ADs are associated with a poorer quality of life, decreased functional capacity and a higher risk of somatic disorders [3]. Our study highlights a number of unmet needs in diagnosing anxiety and stress-related disorders that may come from psychiatry organizational problems, psychiatry-associated stigma and lack of knowledge about psychiatric disorders that should be resolved in order to improve the quality of psychiatric service and patient’s well-being in Russia.

Limitations

Our study has number of limitations. Only psychiatrists who had internet access were able to participate in the survey and only about 5% of all Russian psychiatrists took part in this survey. Moreover, the study population may be biased as we suspect that younger psychiatrists who, in comparison to their older colleagues, are more comfortable with IT-technologies, are more socially active and are more likely to follow updates in either the RSP-website or RSP pages in social networks, were more inclined to participate in the survey.
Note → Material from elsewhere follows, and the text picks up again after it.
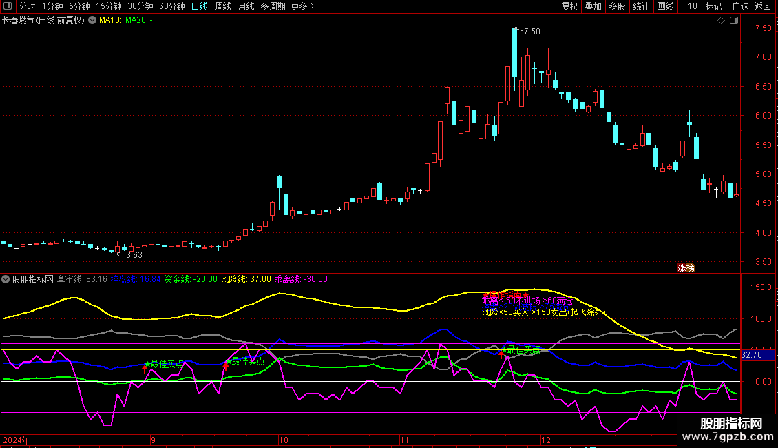资金线(绿色点线):转正且配合套牢线<90时触发最佳买点,显示资金流入;

Another source of possible bias is that those specialists who regularly engage in the treatment of ADs may have had more inclination to participate in the survey. Thus, real-world data on the diagnosis of ADs probably would be even lower than what was obtained in this survey. Nevertheless, the online nature of the survey allowed us to reach a broad range of specialists countrywide and to create a representative sample of psychiatrists in terms of working settings, professional activity, experience and other parameters that may potentially affect theresults of this study.
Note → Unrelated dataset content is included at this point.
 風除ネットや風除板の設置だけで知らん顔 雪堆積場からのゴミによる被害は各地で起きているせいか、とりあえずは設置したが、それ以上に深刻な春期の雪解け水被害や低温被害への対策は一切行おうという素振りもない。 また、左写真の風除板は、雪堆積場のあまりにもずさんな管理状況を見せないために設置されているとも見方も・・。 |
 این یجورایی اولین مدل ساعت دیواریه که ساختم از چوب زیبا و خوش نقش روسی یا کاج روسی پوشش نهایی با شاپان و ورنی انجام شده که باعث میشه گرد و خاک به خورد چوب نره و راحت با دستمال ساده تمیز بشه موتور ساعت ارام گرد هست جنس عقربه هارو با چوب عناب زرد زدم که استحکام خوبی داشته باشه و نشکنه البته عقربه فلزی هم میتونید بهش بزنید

Another limitation is that many questions evaluate only roughly the participant's estimation. Therefore, the results should be interpreted with caution and should not be generalized to the entire population of Russian psychiatrists or used instead of, or compared to, the statistical data or the results of epidemiological studies.

Conclusions

The results of this survey show that psychiatrists in the Russian Federation use diagnoses of many ADs less frequently than psychiatrists in an international survey. Diagnoses of ADs are most used by specialists inprivate practice and in liaison with psychiatric services in general/somatic medicine. These results may indicate the existence of certain barriers that decrease the availability of psychiatric service for patients with ADs. Among the anxiety and stress-related disorders, the majority of Russian psychiatrists are inclined to diagnose MADD and AdD, which by their nature are more likely to be preliminary diagnoses. The diagnosis of GAD in Russia is used far less than in the rest of the world, while the diagnosis of PD, on the contrary, is used much more often. Diagnoses of ADs tend to be made less often used as the second (comorbid) diagnosis even in the cases when the patient’s condition meets the criteria for two or more disorders.
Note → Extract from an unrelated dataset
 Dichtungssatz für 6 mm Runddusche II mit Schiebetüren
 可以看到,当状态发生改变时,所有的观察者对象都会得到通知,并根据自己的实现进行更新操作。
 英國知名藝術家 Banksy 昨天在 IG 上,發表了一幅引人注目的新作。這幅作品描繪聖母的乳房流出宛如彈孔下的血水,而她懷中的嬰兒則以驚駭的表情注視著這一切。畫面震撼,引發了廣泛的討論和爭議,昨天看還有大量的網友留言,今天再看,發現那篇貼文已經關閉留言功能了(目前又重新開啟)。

The pharmacotherapy prescribed for the treatment of ADs by Russian psychiatrists generally comply with international guidelines; however, specialists also often select drugs with unproven efficacy and do not follow the therapeutic algorithms developed on the basis of evidence-based medicine in terms of the sequence of drug choices and the treatment duration.

The results of this survey indicate that more efforts should be undertaken to spread information about modern diagnostic and treatment approaches in ADs through medical educational programs, and to overcome various barriers that increase the stigma and decrease the availability of psychiatric service to patients with ADs.